## What is expected
Return the stretch from the line with "富士見丘中学高等学校バトン部" through the line with "こうした戦略で販売成果をあげ" in the data below, character for character, skipping all pictures.

## Supplied data
_ _ _ _ _
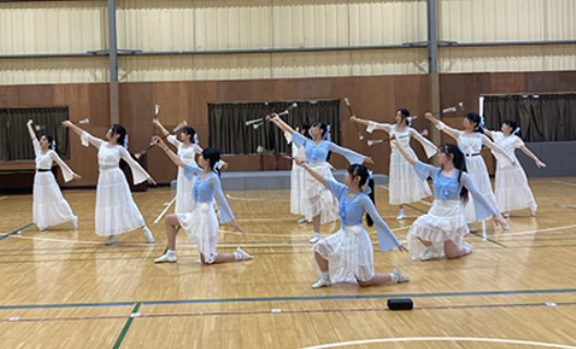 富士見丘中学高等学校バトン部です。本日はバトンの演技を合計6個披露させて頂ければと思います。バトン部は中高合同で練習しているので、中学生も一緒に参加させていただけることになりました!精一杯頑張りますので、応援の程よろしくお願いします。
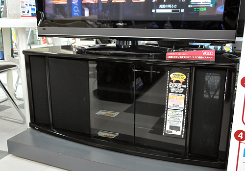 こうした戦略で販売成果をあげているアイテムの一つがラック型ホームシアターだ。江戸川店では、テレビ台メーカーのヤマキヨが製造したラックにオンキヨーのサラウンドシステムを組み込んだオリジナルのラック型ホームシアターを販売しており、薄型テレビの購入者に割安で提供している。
_ _ _ _ _
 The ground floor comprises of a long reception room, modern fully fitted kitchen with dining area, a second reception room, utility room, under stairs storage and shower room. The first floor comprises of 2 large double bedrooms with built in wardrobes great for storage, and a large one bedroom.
_ _ _ _ _
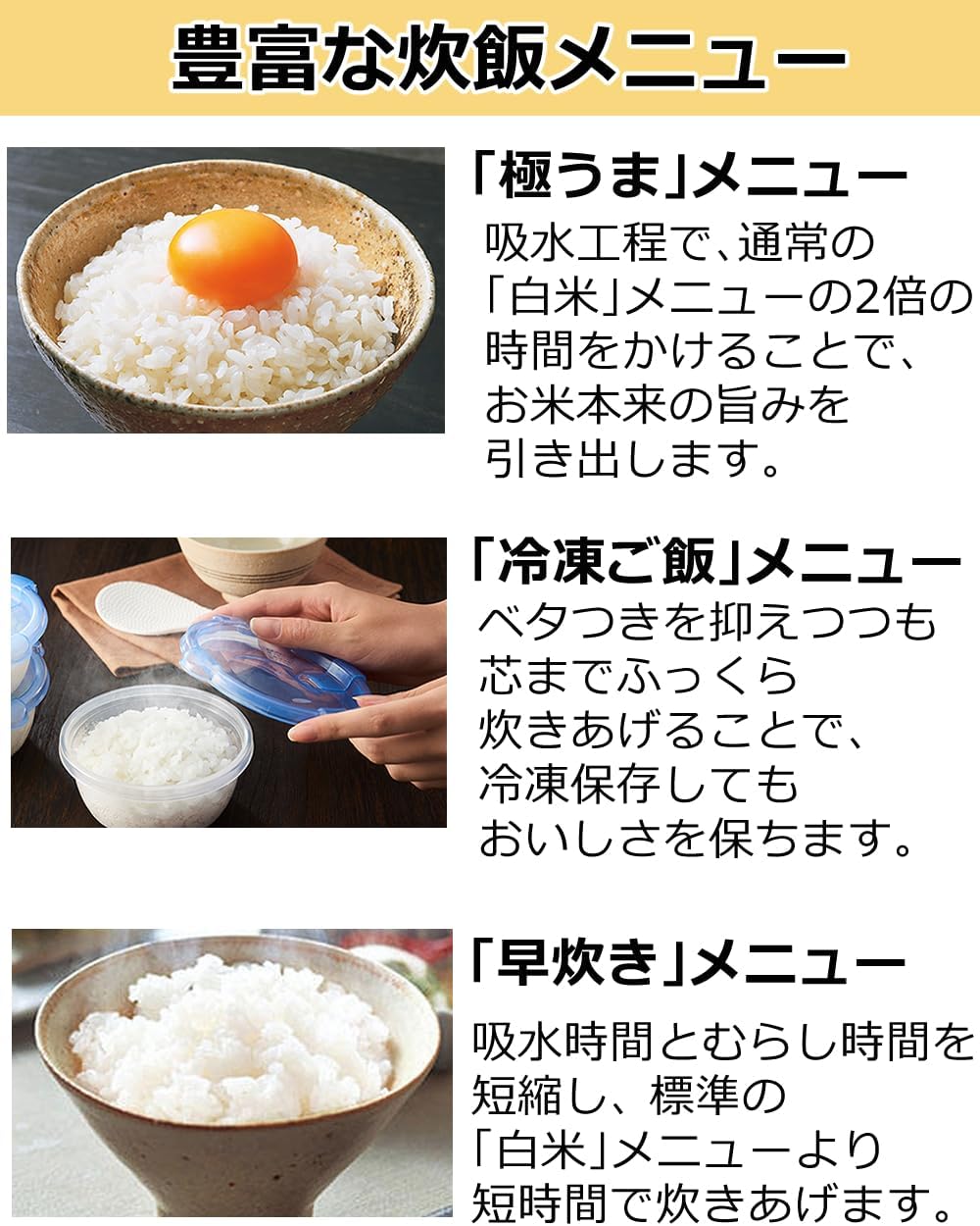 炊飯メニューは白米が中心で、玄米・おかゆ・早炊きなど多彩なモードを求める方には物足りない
_ _ _ _ _
## Result of the task
 富士見丘中学高等学校バトン部です。本日はバトンの演技を合計6個披露させて頂ければと思います。バトン部は中高合同で練習しているので、中学生も一緒に参加させていただけることになりました!精一杯頑張りますので、応援の程よろしくお願いします。
 こうした戦略で販売成果をあげているアイテムの一つがラック型ホームシアターだ。江戸川店では、テレビ台メーカーのヤマキヨが製造したラックにオンキヨーのサラウンドシステムを組み込んだオリジナルのラック型ホームシアターを販売しており、薄型テレビの購入者に割安で提供している。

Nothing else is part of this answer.